По вечерам обитатели Дудергофа спускаются к озеру и катаются на шлюпках; мы с женой и маленьким нашим двором не отстаем от других. Иногда артиллерийские юнкера распевают прелестные хоровые песни, скользя на катере по гладкой, зеркальной поверхности воды; и все лодки останавливаются, гребцы бросают весла и, притаив дыхание, прислушиваются к чудному пению.

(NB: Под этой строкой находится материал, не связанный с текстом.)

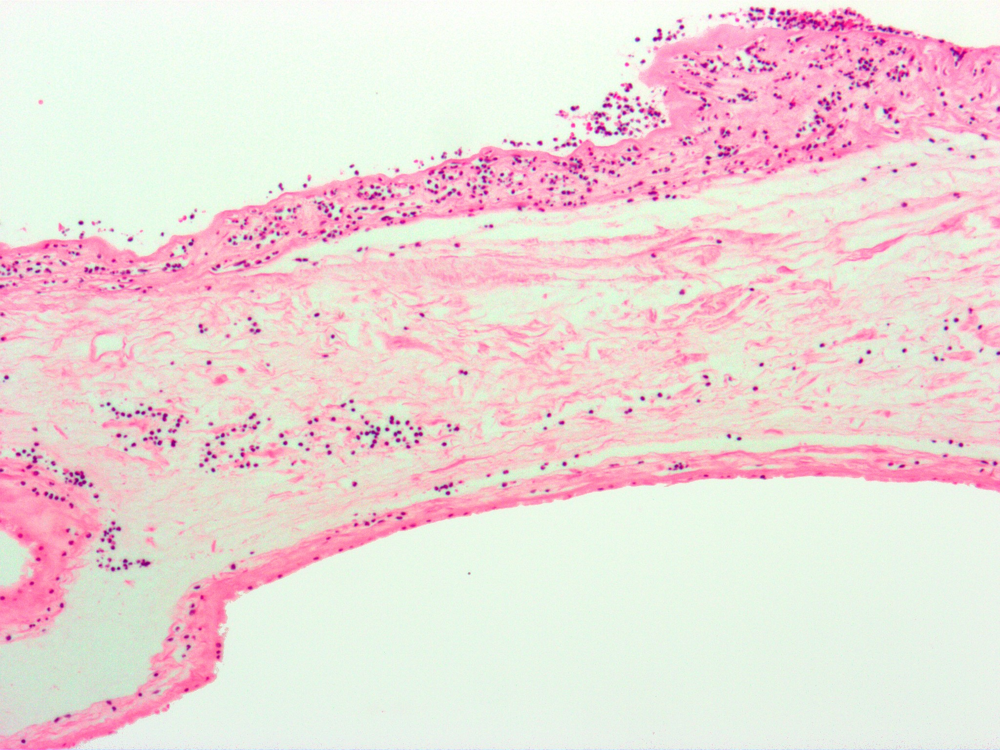 Micrograph of chorioamnionitis. H&E stain. The amnion is seen at the very bottom of the image and composed of a simple cuboidal epithelium and a layer of eosinophilic (pink) connective tissue. It has a few scattered neutrophils - which makes the diagnosis of chorioamnionitis. Above the amnion is the chorion, which also has neutrophils. The fetus (baby) - not shown - would be below the image (and surrounded by amnionic fluid). The top of the image is the maternal aspect of the fetal membranes. It has significant inflammation. The pattern of inflammation seen in this image is typical of chorioamnionitis; most chorioamnionitis results from an ascending infection, i.e. the microorganisms ascend from the vagina/cervix. See also Image:Chorioamnionitis2.jpg - high magnification image.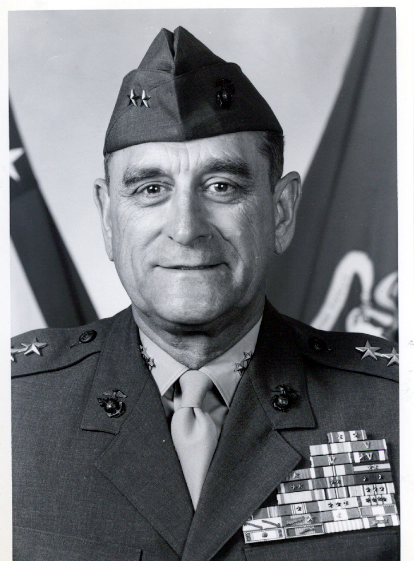 Major General James L. Day, USMC, Medal of Honor recipient; hi-res photo from official Marine Corps website/bio at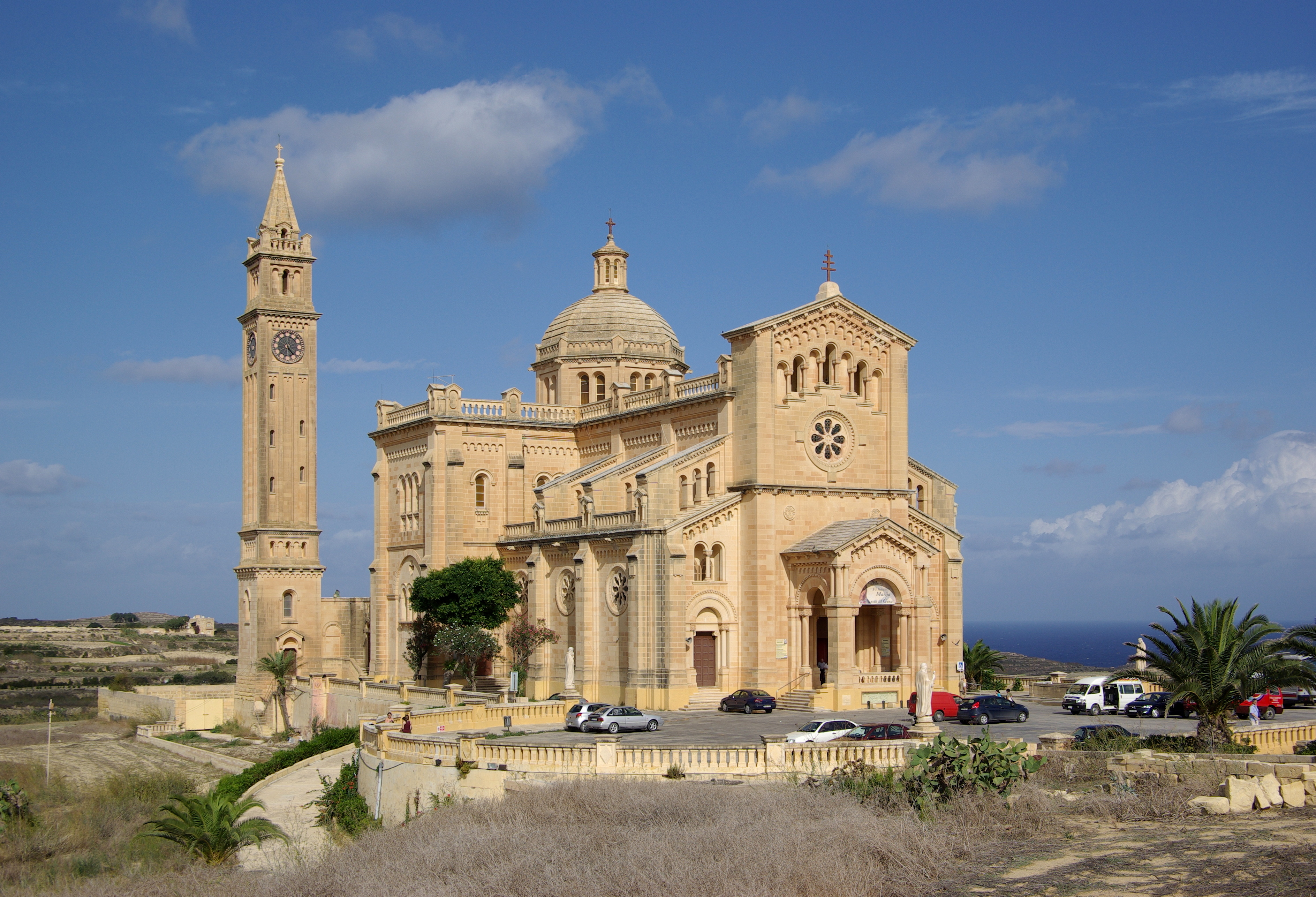 Malta, Gozo, Ta Pinu.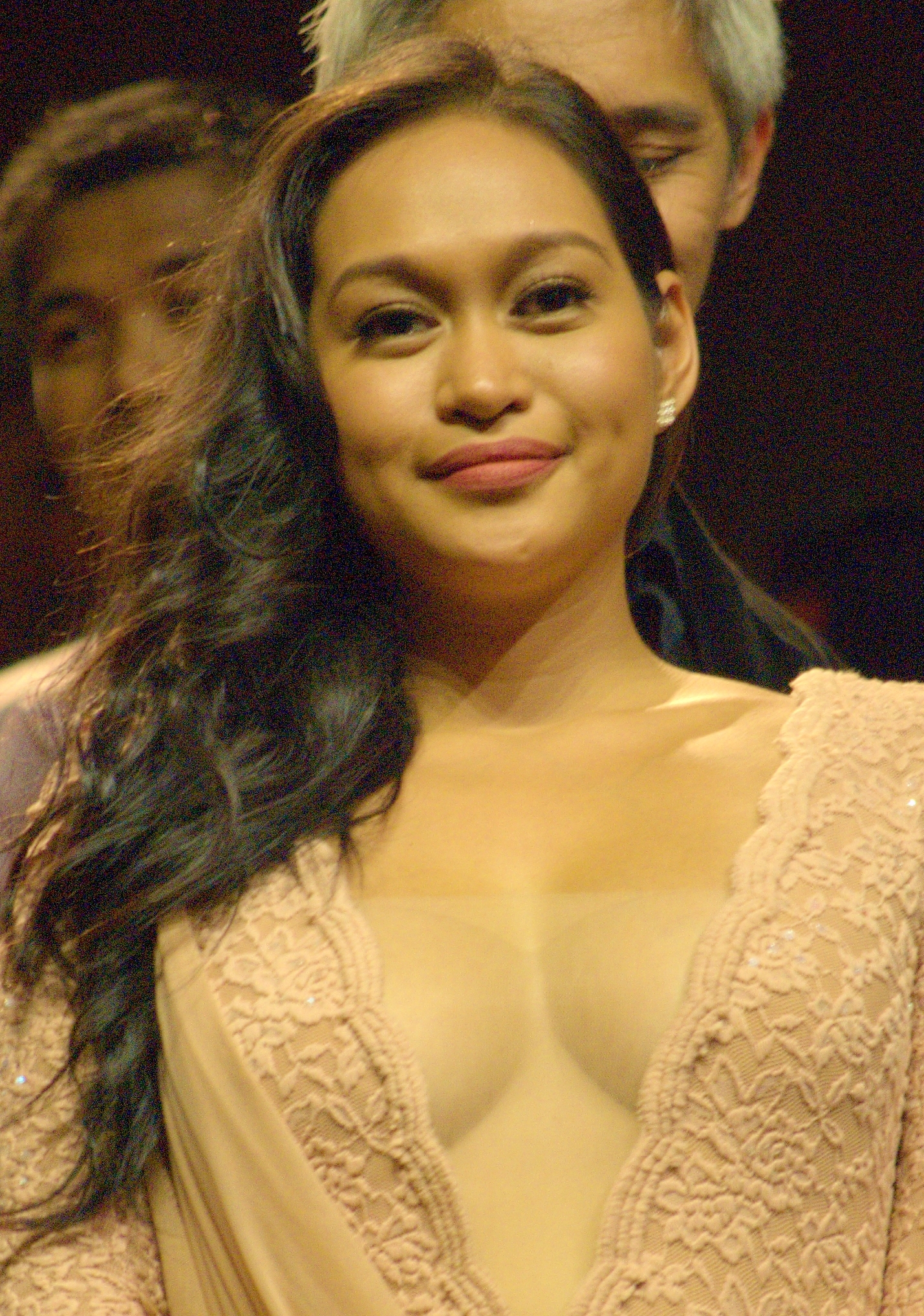 Mercedes Cabral attending the 69th Venice International Film Festival at Venice Lido on 6 September 2012.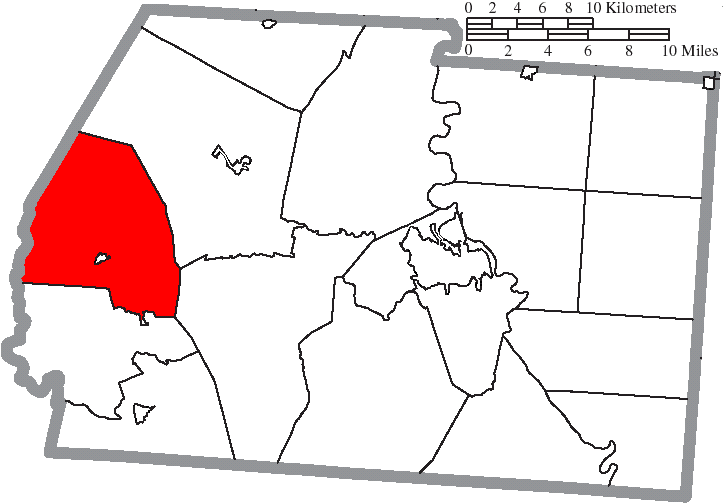 Map of the municipal and township boundaries of Ross County, Ohio, United States, as of the 2000 census, with the location of Buckskin Township highlighted. Township borders are shown only in unincorporated areas in order to differentiate incorporated and unincorporated areas more clearly.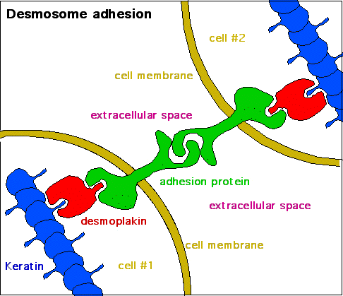 Diagram of desmosomal adhesion. The key molecular components are shown that allow desmosomes to tightly link two adjacent cells. Source: I made this diagram with ClarisDraw and Photoshop. Uploaded for use on the desmosome page. The copyright to this image is retained by John Schmidt (JWSchmidt). Permission is granted to copy, distribute and/or modify this image under the terms of the Wikipedia GFDL, as indicated in the fine print at the bottom of this page. If you do not want to use this image under the terms of the GFDL, you can alternatively use it under the terms of the cc-by-nc-sa license.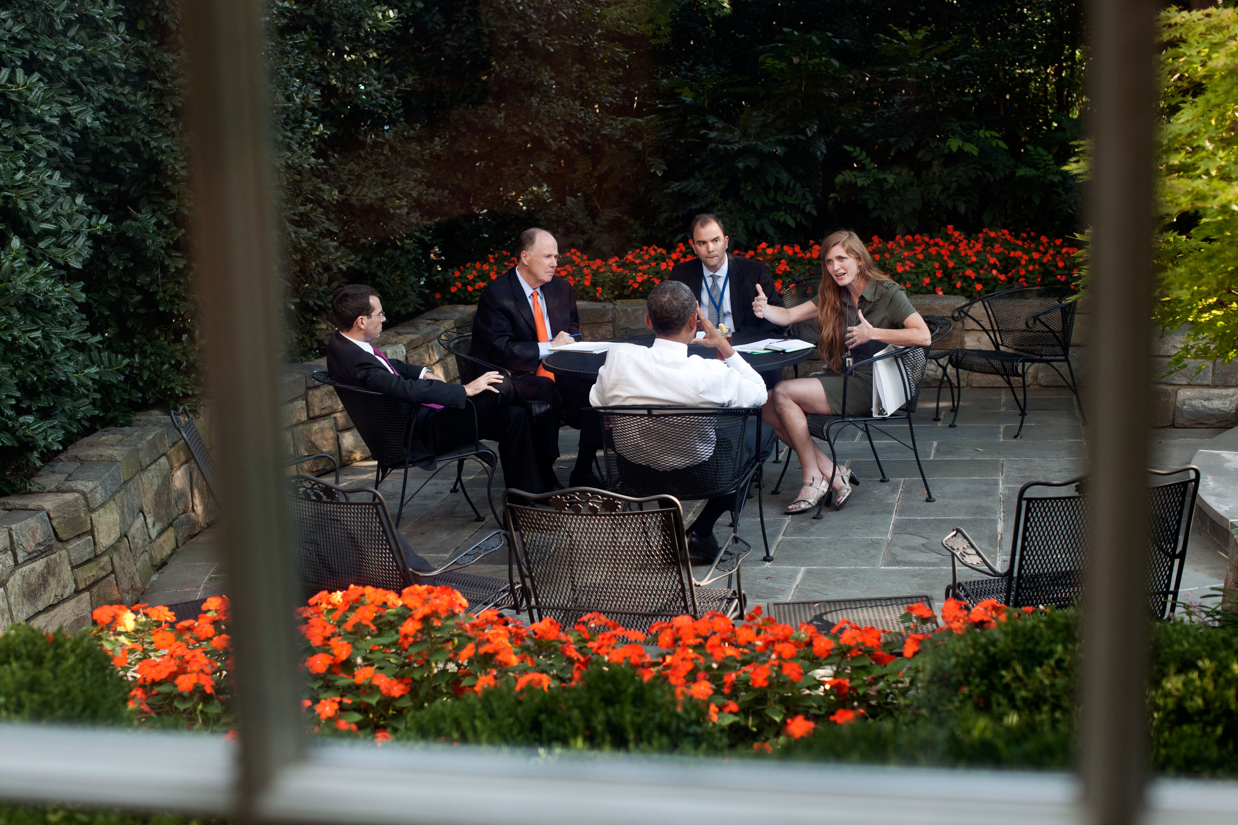 President Barack Obama meets with advisors on the patio outside the Oval Office, Sept. 14, 2011. From left are: Senior Advisor David Plouffe; National Security Advisor Tom Donilon; Ben Rhodes, Deputy National Security Advisor for Strategic Communications; and Samantha Power, Senior Director for Multilateral Affairs and Human Rights. (Official White House Photo by Pete Souza)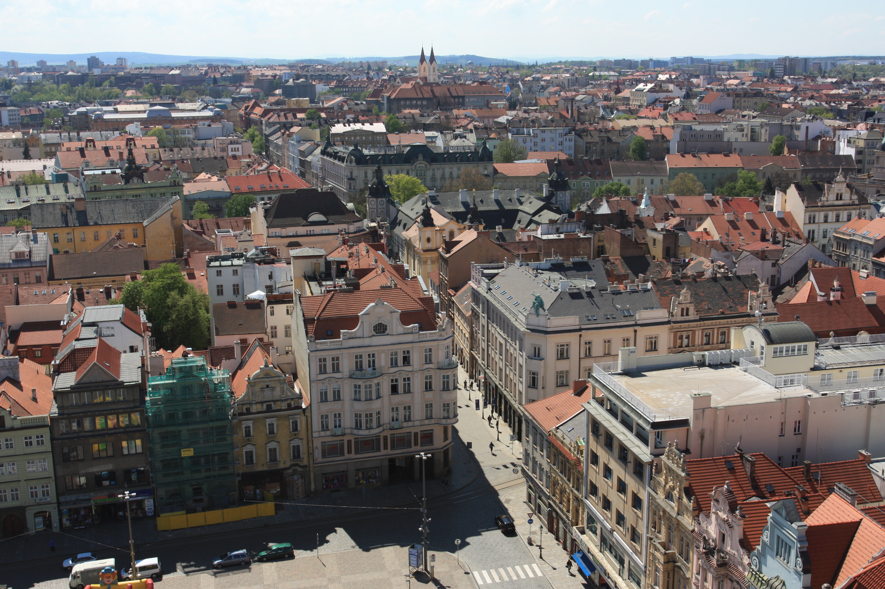 Plzen (Pilsen) city view.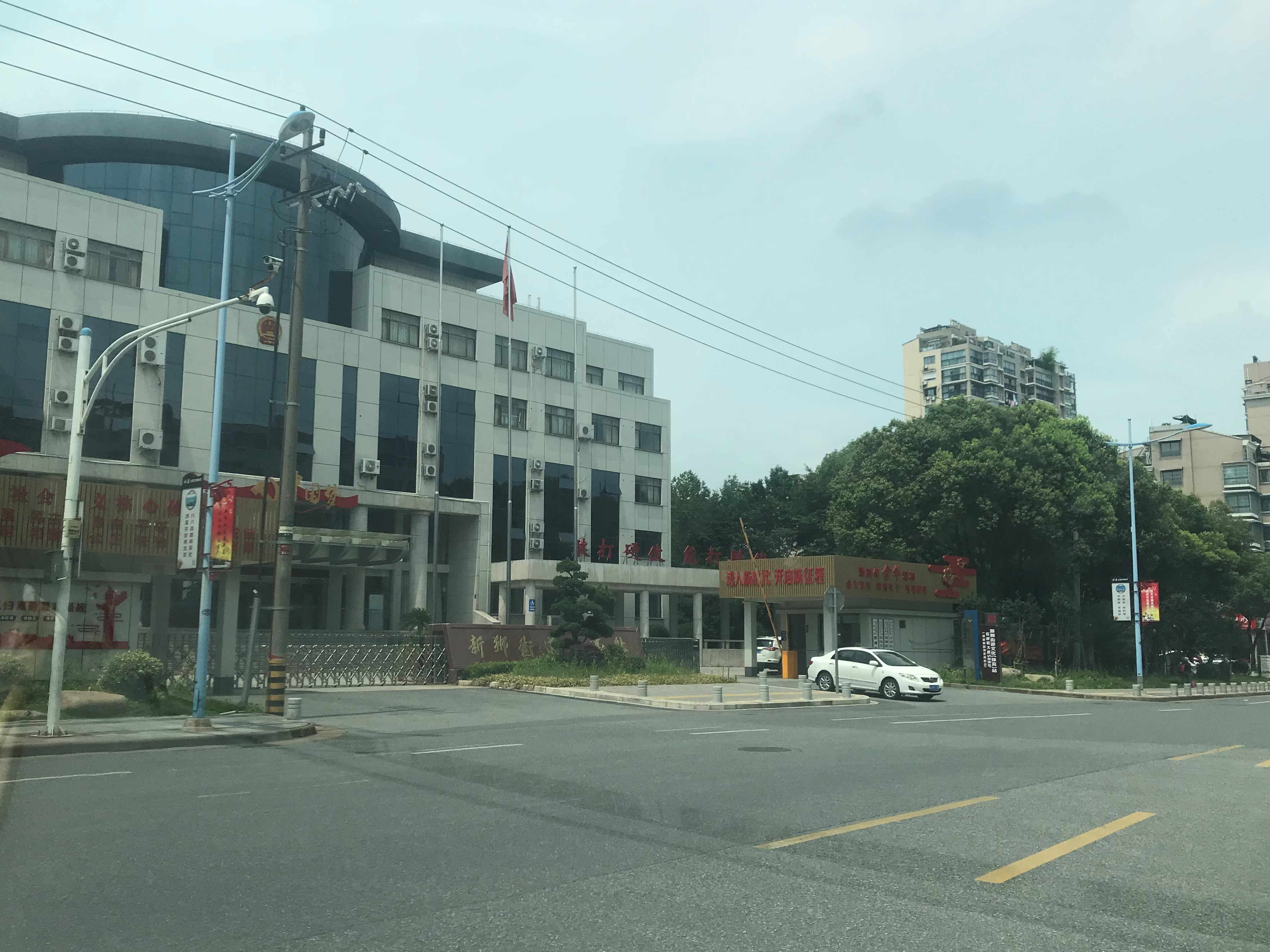 201906 Government of Xinshi Subdistrict

Служба отнимает у меня много времени от этой дачной жизни. Но и тут, в лагере, на ученьях, маневрах, стрельбе и прочих занятиях я чувствую себя, как на даче, и не жалуюсь. Лето у нас стоит хорошее. Я люблю наши воинственные упражнения под палящими лучами солнца, среди полей, где на необозримое пространство кругом расстилается пестрое море цветов, посевов, лугов.
Мне кажется, всюду можно вносить свою поэзию и везде находить хоть долю прекрасного; даже и в такой сухой работе, как наши пехотные занятия, можно сыскать некоторую прелесть, стараясь представлять себе в лучшем виде эти однообразные ученья и упражнения. И это мне вполне удается.
Однако, я боюсь, что мои размышления и описания не могут быть вам любопытны и только утомят ваше слабое зрение, а потому постараюсь прекратить это докучное писание.
Я надеюсь, вы не откажетесь посещать нас по возвращении в Петербург. Дай Бог, чтобы морской воздух и тихая летняя жизнь подкрепили ваше здоровье и возвратили бы вас к нам веселым и бодрым.
Имею передать вам поклон от графини Любови Егоровны Комаровской, одного из членов нашего немногочисленного кружка.
А теперь до свидания; еще раз от всей души благодарю вас, многоуважаемый Иван Александрович, за милое письмо, доставившее мне огромное удовольствие и прошу верить моей совершенной преданности.
Поспешаю довести до сведения Вашего Императорского Высочества, что я вчера ездил к г. Стасюлевичу поговорить о «Мессинской невесте»19.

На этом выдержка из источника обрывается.